> [WHAT YOU WILL DO] Retype, exactly as they stand, the lines from the start of the data to the line that contains "当综合格斗的灯光褪去,杨建平", both ends included. Leave the pictures out.

##### DATASET CONTENT

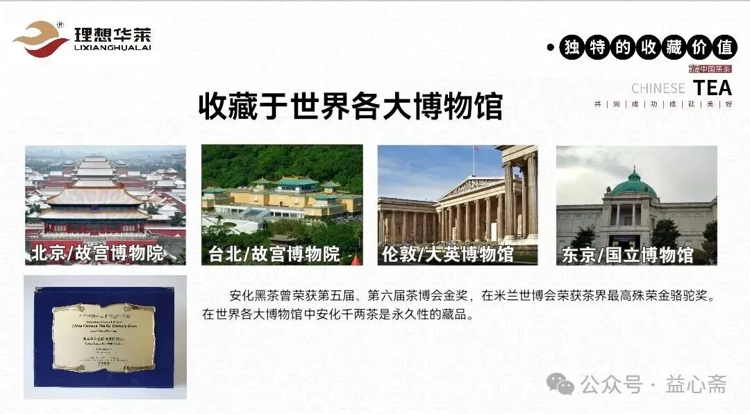 安化黑茶不但有中国黑茶博物馆,而且我们收藏于世界四大博物馆里面,比如说北京的故宫博物院,台北的故宫博物院,伦敦的大英博物馆,以及东京的国立博物馆都有收藏安化黑茶,因为安化黑茶每年有15%-25%的一个倍增。
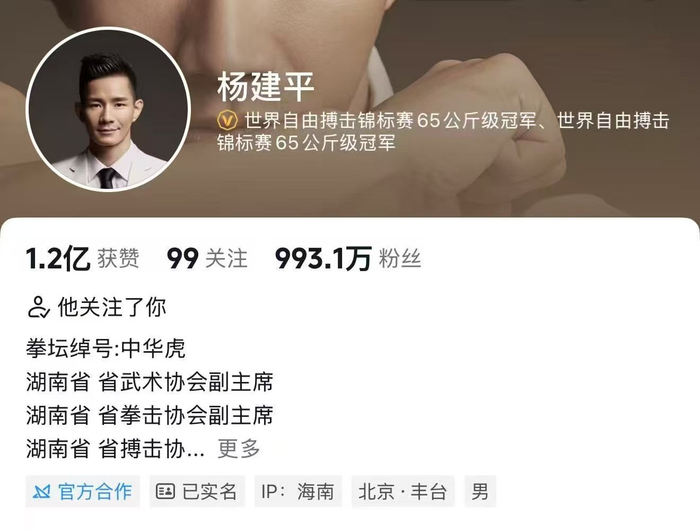 当综合格斗的灯光褪去,杨建平并没有止步于昔日的光环。而是完成了一次漂亮的跨界——从职业赛场走向产业运营,从运动健将变身新媒体传播大咖。
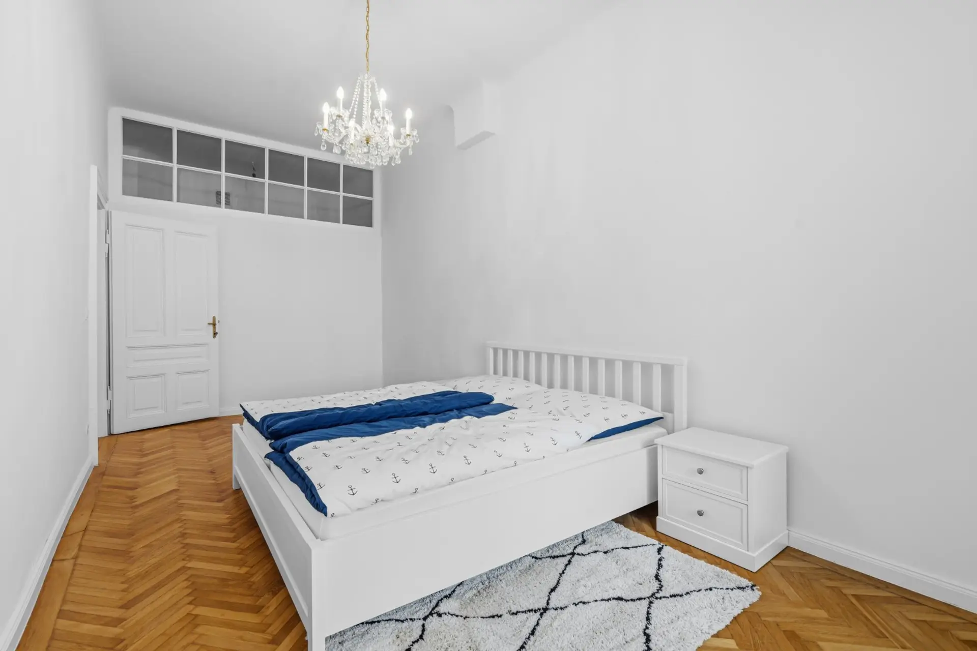 Auch im Schlafzimmer zeigt sich diese architektonische Handschrift. Das klassische Altbau-Oberlicht mit verglastem Durchgangselement bringt eine sanfte Lichtstimmung in den Raum und verleiht ihm eine besondere Ruhe und Eleganz.
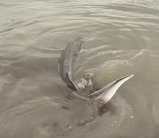 正如网友所说,江中绝大部分的这种鱼都是人工培育放生的,很多后背上都装有芯片,可以定位。

##########

> [EXERCISE OUTPUT]
 安化黑茶不但有中国黑茶博物馆,而且我们收藏于世界四大博物馆里面,比如说北京的故宫博物院,台北的故宫博物院,伦敦的大英博物馆,以及东京的国立博物馆都有收藏安化黑茶,因为安化黑茶每年有15%-25%的一个倍增。
 当综合格斗的灯光褪去,杨建平并没有止步于昔日的光环。而是完成了一次漂亮的跨界——从职业赛场走向产业运营,从运动健将变身新媒体传播大咖。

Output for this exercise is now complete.